[Goal of the exercise] Would you write out the lines below exactly, from the one containing "Enjoy a Warm" to the very last, but without the pictures?

[Data section]
━━━━━━

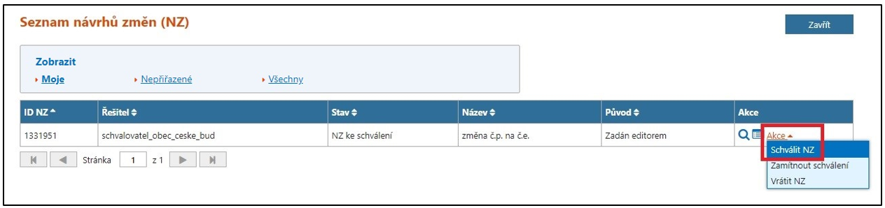 •V seznamu návrhů změn klikněte na Akce > Schválit NZ (obrazovka UWF100). Dle potřeby můžete obdobně zamítnout schválení návrhu změny (volba Zamítnout schválení) nebo návrh změny vrátit mezi nepřiřazené (volba Vrátit NZ), odkud si ho může přiřadit jiný Schvalovatel.
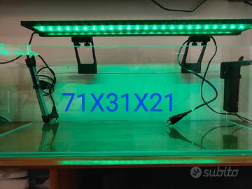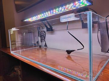 vendo per inutilizzo acquario modello shallow Circa 50 lt .completo di lampada riscaldatore filtro e supporti per coperchio ,il coperchio mi manca si fa fare dal vetraio tranquillamente.
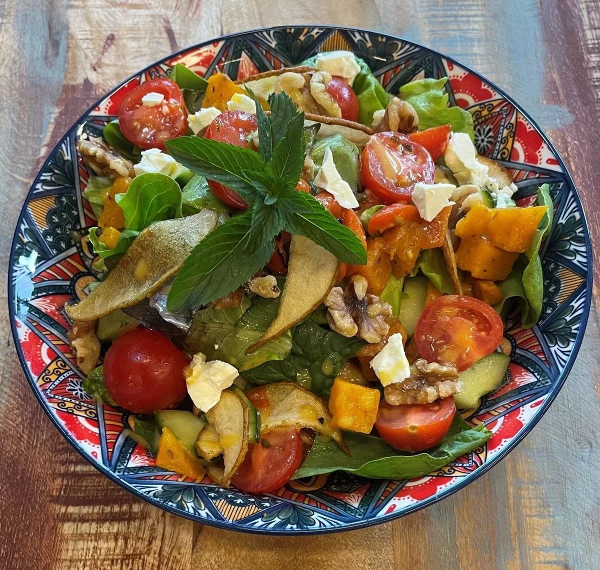 Enjoy a Warm Pumpkin Salad, served with roasted peppers, cherry tomatoes, candied pear, walnuts and fetta, then finished with an apricot vinaigrette.
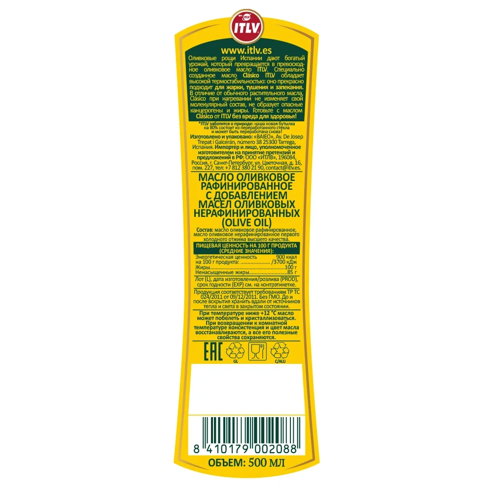 Масло оливковое ITLV Classico рафинированное с добавлением нерафинированного, 500мл

━━━━━━

[Answer to the exercise]
 Enjoy a Warm Pumpkin Salad, served with roasted peppers, cherry tomatoes, candied pear, walnuts and fetta, then finished with an apricot vinaigrette.
 Масло оливковое ITLV Classico рафинированное с добавлением нерафинированного, 500мл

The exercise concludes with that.